The question is not whether complexity can be eliminated but whether it can be tamed so that the resulting system is as simple as possible under the circumstances. The cost of simplicity may be high, but the cost of lowering the foodgates to complexity is higher.
Advances in software-verification technology may tempt us to imagine (in a Leibnizian fantasy) that one day we will be able to check the dependability of software simply by running it through a machine. But dependability cases will always contain informal elements that cannot be verified mechanistically; truth will have to be assessed by an impartial review not only of the case itself but also of the credibility of the organization that produced it. An entirely product-based certification approach thus makes no more sense than one based entirely on process. Given that the organization that produces the software and the software itself are intertwined, attempts at improving dependability, and efforts to measure it, must take both into account.
Robust foundations. Just as a skyscraper cannot easily be built on sand, a robust software system cannot be built on a foundation of weak tools and platforms. Fifty years after the invention of static typing and automatic memory management, the decision to use an unsafe programming language such as C or C++ (which provide neither) requires serious justification, and for a critical system the benefits that are obtained in compensation for the loss of safety have to be extraordinarily compelling. Arguments against safety based on performance are usually overstated. And with Java and C# now widely known and available, and equipped with impressive libraries, there is no longer a reason to consider safe languages as boutique technologies.
The value of static typing is often misunderstood. It is not that type errors don’t occur during execution. They do, because most statically typed languages are sufficiently complex that some checks are inevitably postponed to runtime. Similarly, the value of strong typing is not that runtime type errors are more acceptable than other kinds of failure. An unanticipated failure is never good news. Moreover, runtime type checking can make things worse: the Ariane 5 rocket might not have been lost had an arithmetic overflow in an irrelevant module not been propagated to the top level.

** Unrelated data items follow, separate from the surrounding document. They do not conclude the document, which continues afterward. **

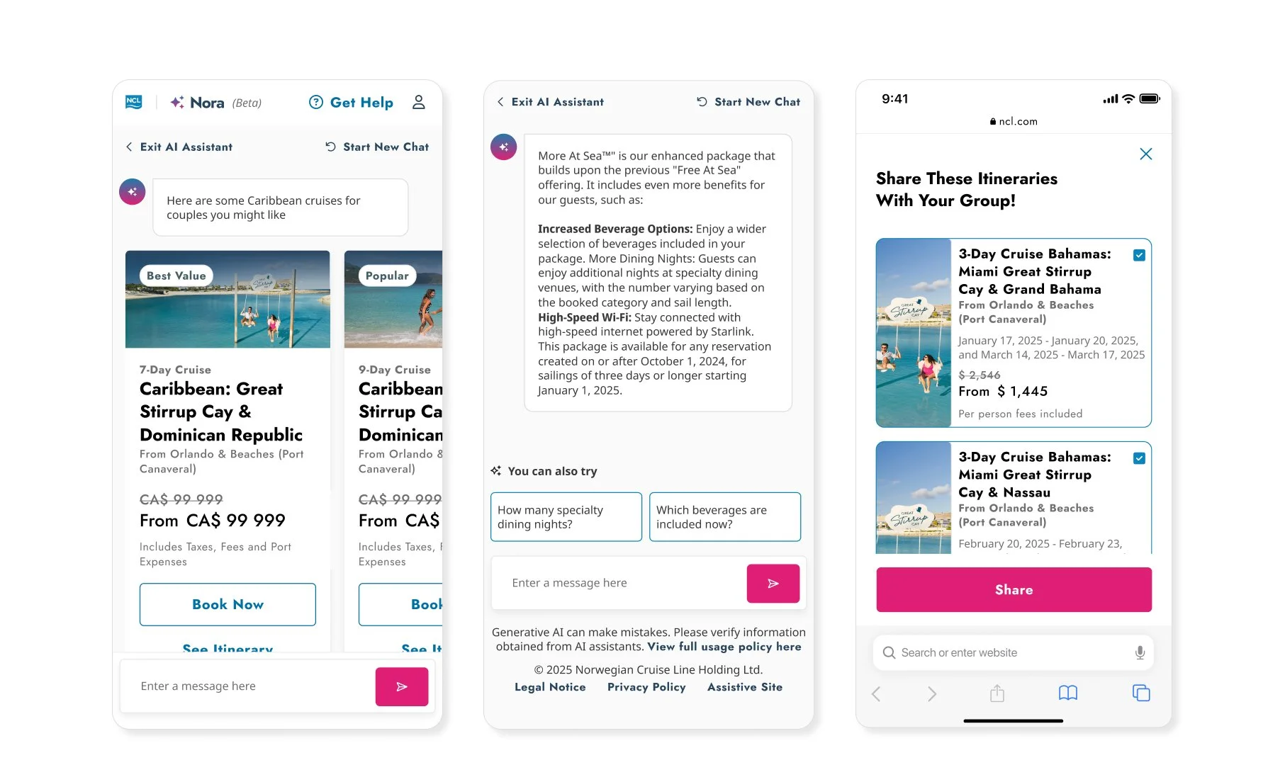 • Guests can simply ask Nora for a family-friendly cruise packed with shore excursions and great value, and she’ll instantly suggest tailored options that match their preferences.
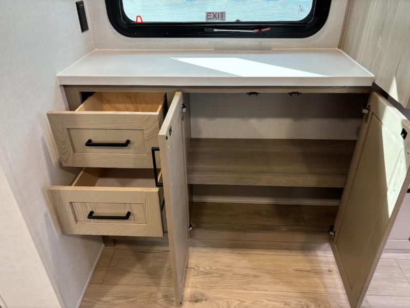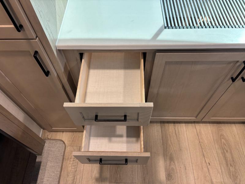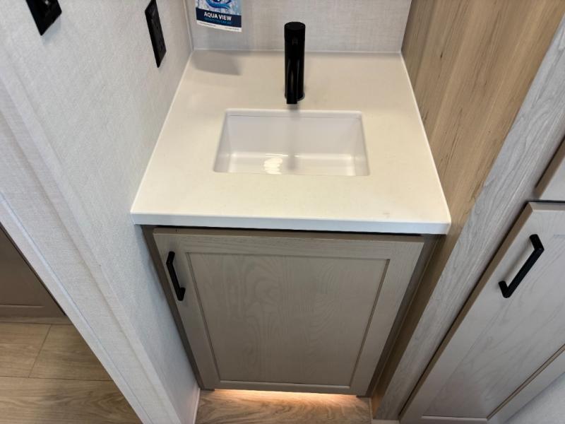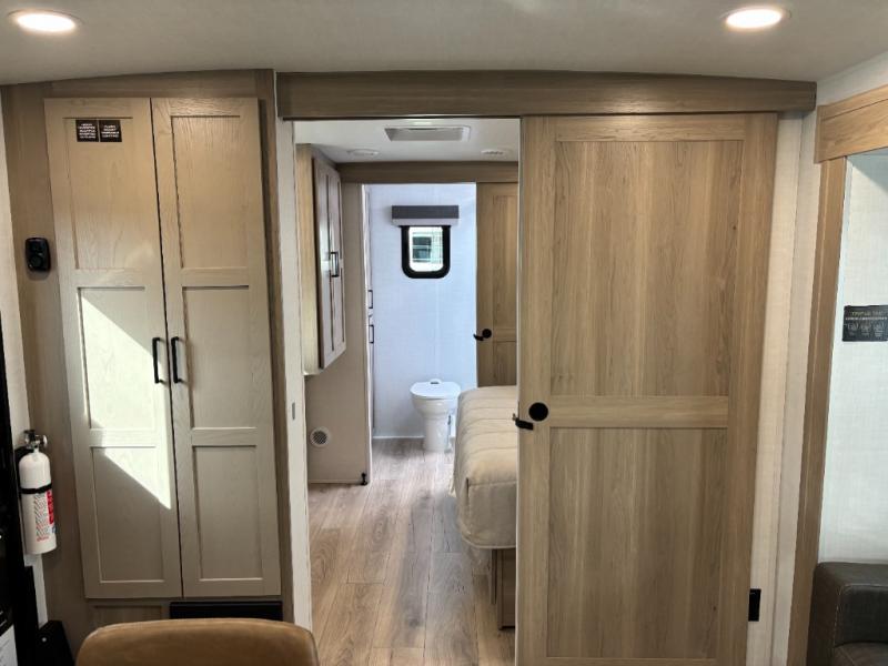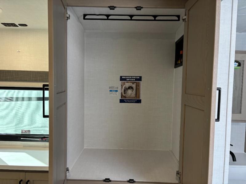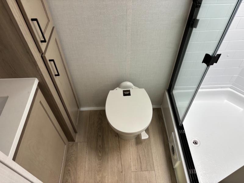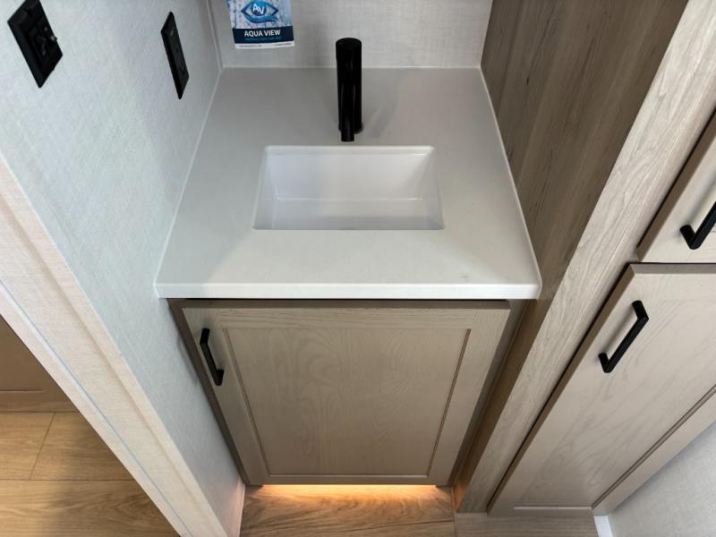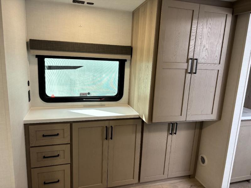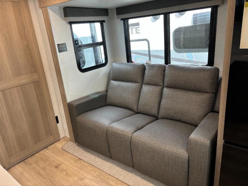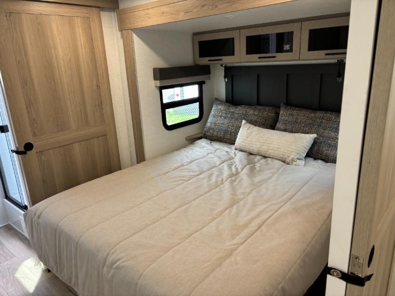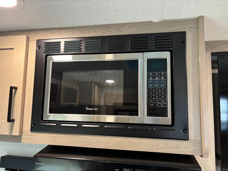 This travel trailer is the best option for you and your partner! The lavish full rear bathroom features a spacious layout and a convenient linen closet, perfect for relaxation and refreshment. The elegant bedroom boasts a plush queen bed, ample wardrobe space, and stylish dresser, creating a serene retreat. The spacious living room and kitchen combined area is the heart of the trailer, featuring plush theater seating for cozy movie nights, a generous closet for storing essentials, and a 12V Smart TV for entertainment on the go. Plus, the expansive countertop with chairs provides a perfect spot for gourmet meals or socializing, while the premium three-burner cooktop, well-stocked kitchen pantry, and high-performance microwave make meal prep and cooking a true delight.
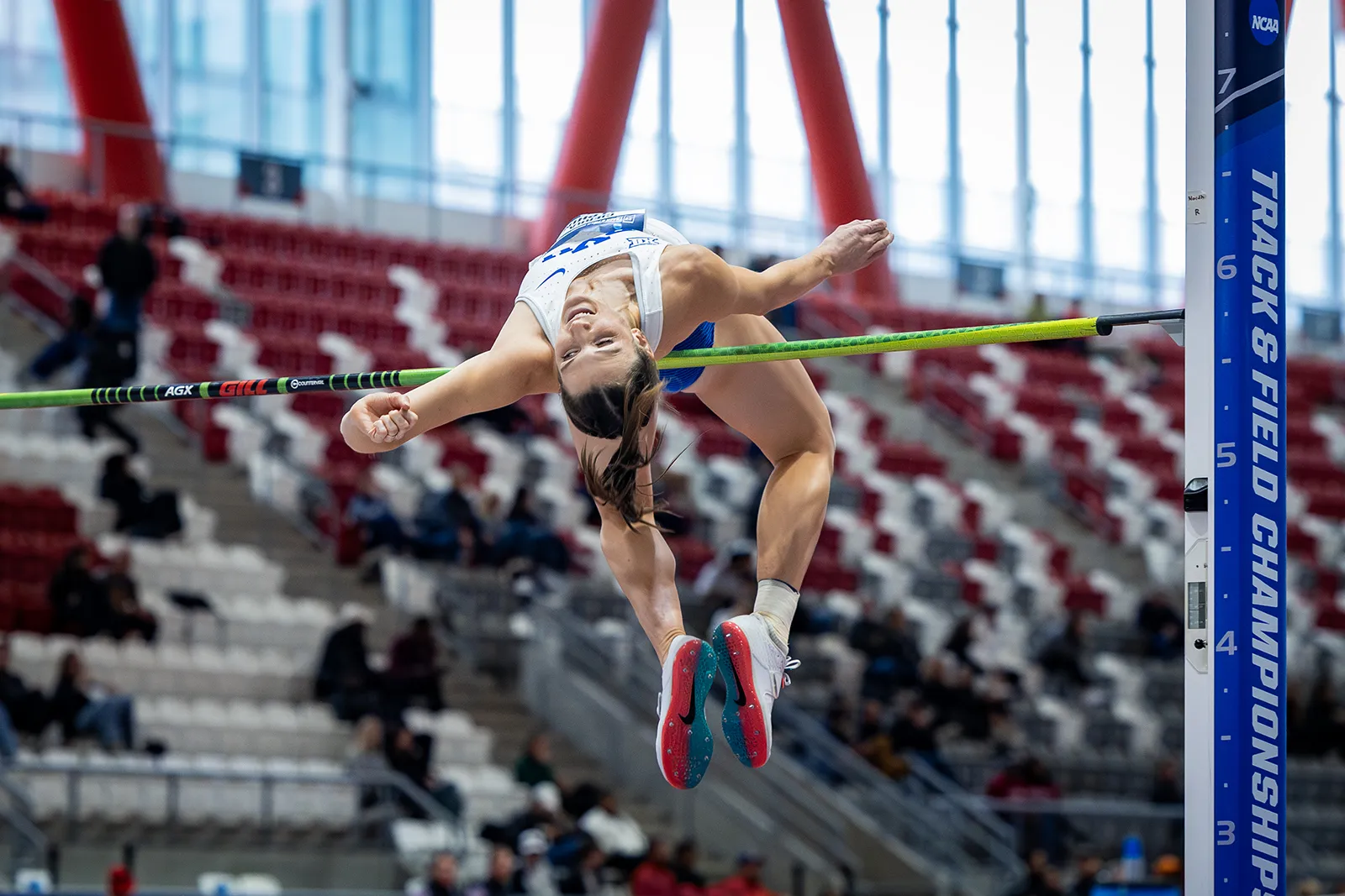 An athlete competes in the high jump at the NCAA Indoor Nationals in Boston.

Strong typing has two primary benefits. First, it prevents a module from writing to regions of memory that it cannot name (through local and global variables and sequences of field accesses). This means that a syntactic dependence analysis can determine the potential couplings between modules and can be used to establish that one module is decoupled from another, thus making it possible to ignore the latter when analyzing the behavior of the former. Second, strong typing makes runtime failures happen earlier, as soon as a type error occurs, rather than later when the failure is likely to be harder to diagnose and may have done more damage. Static typing provides the important additional advantage of catching many type errors at compile time. This is extremely valuable, because type errors are often symptoms of serious mistakes and structural flaws.
Complexity in a programming language can compromise dependability because it increases the chance that the program will behave differently from what the programmer envisaged. It is important to avoid obscure mechanisms, especially those that have a platform-dependent interpretation. Coding standards can be very helpful in taming dangerous language features.18,19
Progress in language design has produced major improvements, but old lessons are easily forgotten. The original design of Java, for example, lacked iterators (as a control construct) and generics, and it did not unify primitive types and objects, even though these features had been part of CLU in 1975.27 When it was realized that these features were essential, it was too late to incorporate them cleanly. It may be curmudgeonly to complain about Java, especially because it brings so many good ideas to mainstream programming—in particular, strong typing—that might otherwise have languished in obscurity. And, to be fair, Java incorporates features of older languages in a more complex setting; subtyping, in particular, makes it much harder to incorporate other features (such as generics). Nevertheless, it does seem sad that the languages adopted by industry often lack the robustness and clarity of their academic predecessors.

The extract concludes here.